Oxytosis/ferroptosis is a type of programmed cell death dependent on iron and characterized by the accumulation of lipid peroxides, and is genetically and biochemically distinct from other forms of regulated cell death such as apoptosis. Oxytosis/ferroptosis is initiated by the failure of the glutathione-dependent antioxidant defenses, resulting in unchecked lipid peroxidation and eventual cell death. Lipophilic antioxidants and iron chelators can prevent ferroptotic cell death.
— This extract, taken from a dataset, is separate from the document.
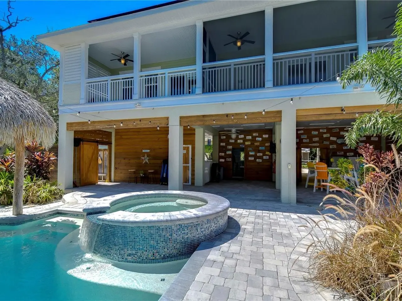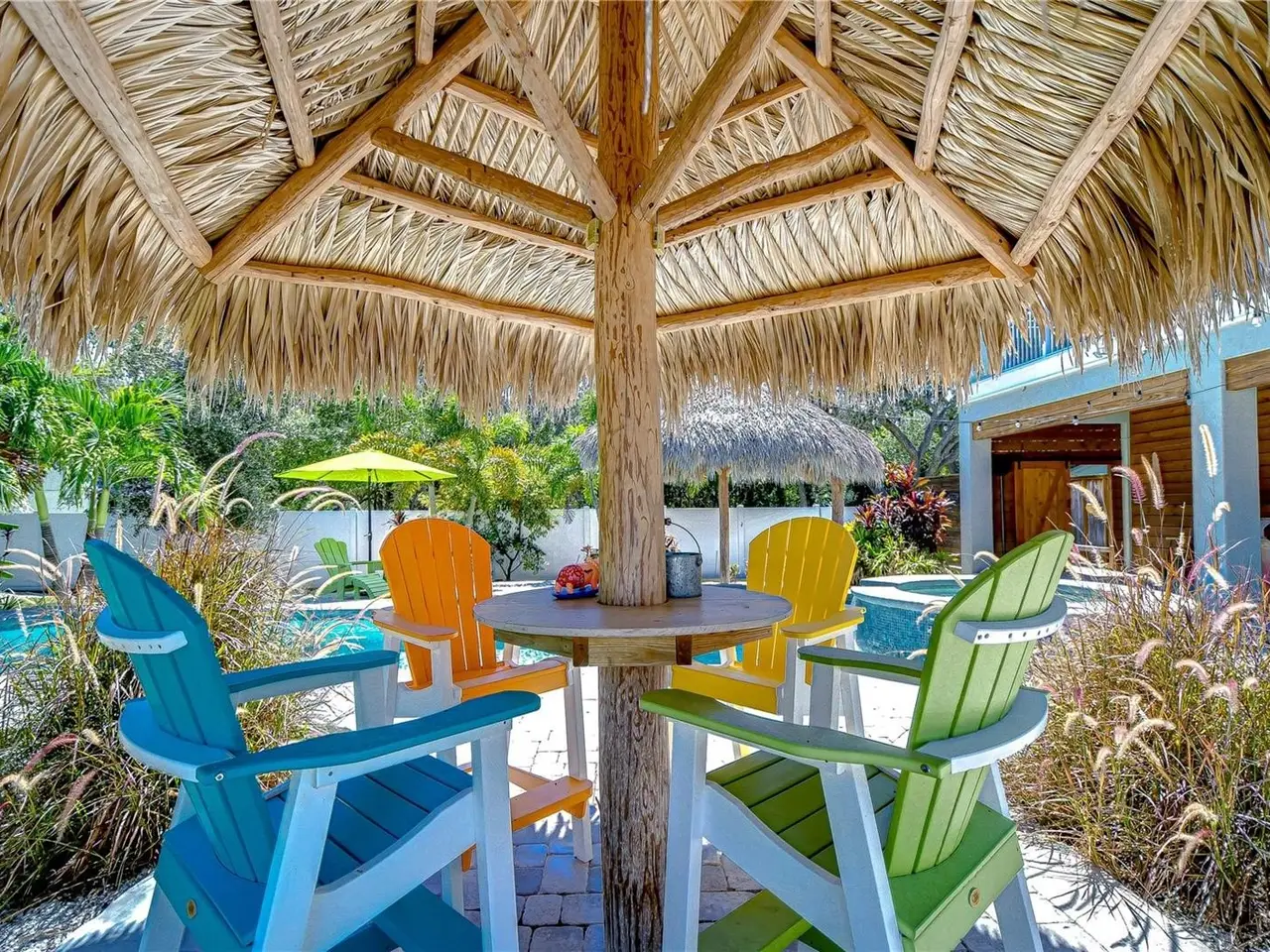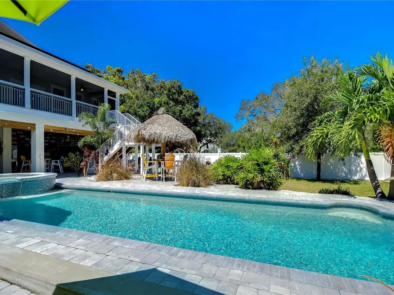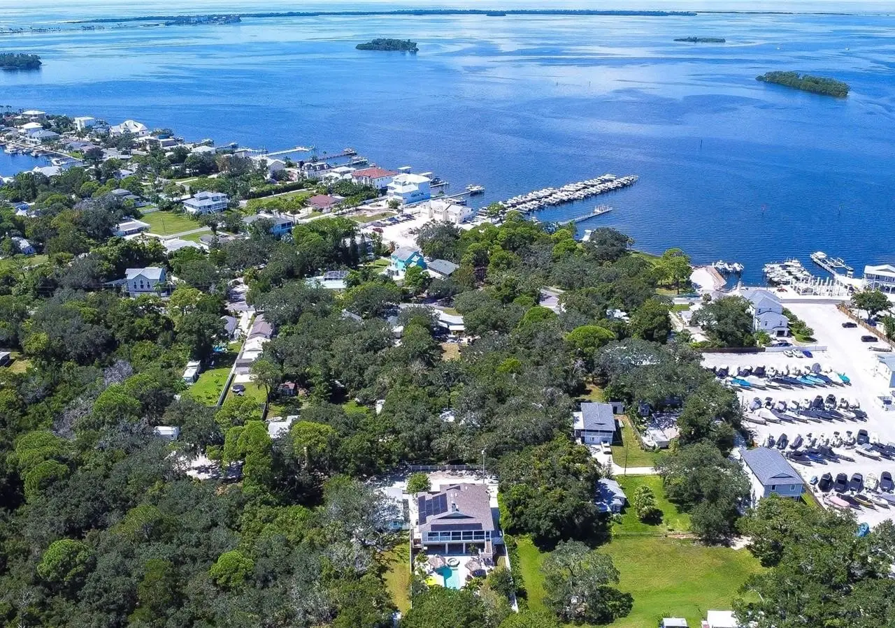 Experience upscale Coastal living in this elevated home...where meticulous construction meets comfortable luxury. Designed to embrace the Florida lifestyle inside and out, this wonderful property offers so much to enjoy.  From a Breezy, light and bright interior to a tropical oasis backyard, it was Custom designed and built in 2016 with impeccable attention to detail and fortified for strength. This private stilt home offers both casually luxurious living and peace of mind.  It proudly sits 17 feet above sea level on a private .32 acre lot and was constructed to rigorous FEMA standards.  Crafted for resilience and eco-conscious living, the home features Hurricane-rated impact windows and doors, 55 solar panels that keep electric bills to an astonishing $30 per month, 140-gallon propane tank powering on-demand hot water, a grill, and generator connections, and all of the under home lumber is desirable "saltwater splash" dock grade, and pilings, headers, footers are concrete. Inside you will discover a space that wows with high quality and uniquely designed finishes.. custom shiplap walls, barn door accents, soaring vaulted ceilings with dimmable LED lighting and fans, and plantation shutters throughout.  The floorplan is fun and functional and just right for everyday living or entertaining.  Enjoy generous bedrooms, laundry utility room, and walk in pantry.  Sliders from Living Room and primary bedroom open to an amazing screened in patio overlooking the backyard.  1000lb exterior elevator lift, 240 sqft of under home storage and under house/carport parking for up to 8 vehicles!  And the Backyard...will truly take your breath away! It is private oasis that would make Jimmy Buffett proud! Showcasing a 2020 heated and cooled sparkling saltwater pool complete with spillover spa a shaded grotto seating, two locally designed and hand crafted tiki huts, and over 1,500 square feet of pavered patio space, and just under 2000 square feet of covered patio space for shady lounging and outdoor living,  a whole house mosquito misting system and a retro fabulous custom outdoor surfboard and cypress lined shower. Your guests will never want to leave! Ozona is a unique community with coastal charm, 5 marinas, restaurants that are loved, and a waterfront with the most beautiful sunsets! Ride your bike or drive your golf cart all around town! This area is in unincorporated Pinellas -- possible short term rental and available fully furnished! Come make 262 Banana Road your Coastal Paradise! View matterport and virtual tour at https://my.matterport.com/show/?m=t4Nu3C1amJL&mls=1

Although the connection between iron and lipid peroxidation has been appreciated for years, it was not until 2012 that Brent Stockwell and Scott J. Dixon coined the term ferroptosis and described several of its key features, although Pamela Maher and David Schubert discovered the process in 2001 and called it oxytosis. While they did not describe the involvement of iron at the time, oxytosis and ferroptosis are today thought to be the same cell death mechanism.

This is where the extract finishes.